Give a verbatim copy of the lines below, minus the pictures.

#### [Data below]
|---|
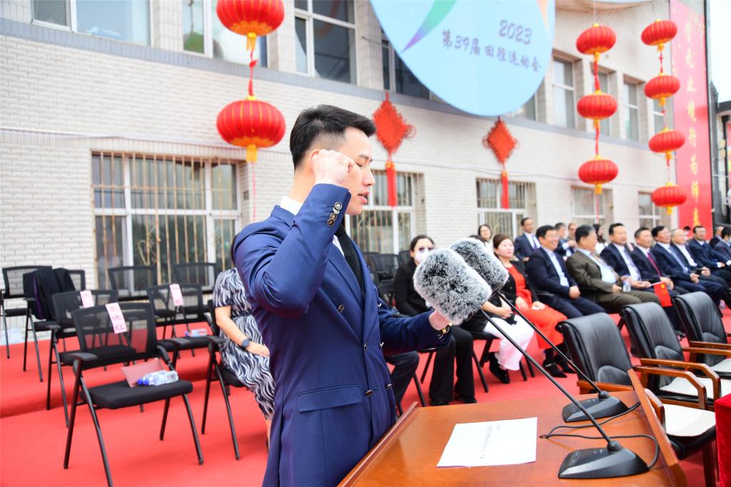 田径场内,红旗随风飘扬,激情澎湃,一片朝气蓬勃的景象。体育学院教师孙一雄代表裁判员、传媒学院2020级播音与主持艺术专业学生刘雅楠代表运动员庄严宣誓,分别表达了恪守原则、公正裁决的态度和奋勇争先、争创佳绩的决心,道出心中的热血与青春梦想。
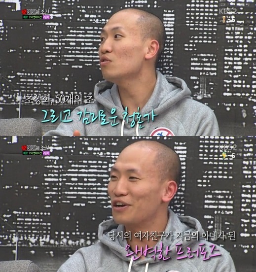 개코는 지난 7일 방송된 KBS 2TV 예능프로그램 '인간의 조건'에서 아내와의 첫 만남과, 프러포즈 과정을 공개했다.
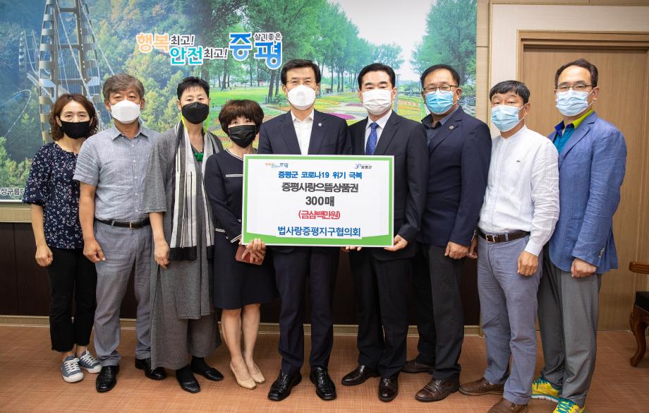 법무부 법사랑 증평지구협의회(회장 연광영)은 증평군의 코로나19 극복을 위해 불우한 가정환경에 있는 청소년에게 증평사랑으뜸상품권(300만원)을 기탁했다.
|---|
#### [Solved exercise]
 田径场内,红旗随风飘扬,激情澎湃,一片朝气蓬勃的景象。体育学院教师孙一雄代表裁判员、传媒学院2020级播音与主持艺术专业学生刘雅楠代表运动员庄严宣誓,分别表达了恪守原则、公正裁决的态度和奋勇争先、争创佳绩的决心,道出心中的热血与青春梦想。
 개코는 지난 7일 방송된 KBS 2TV 예능프로그램 '인간의 조건'에서 아내와의 첫 만남과, 프러포즈 과정을 공개했다.
 법무부 법사랑 증평지구협의회(회장 연광영)은 증평군의 코로나19 극복을 위해 불우한 가정환경에 있는 청소년에게 증평사랑으뜸상품권(300만원)을 기탁했다.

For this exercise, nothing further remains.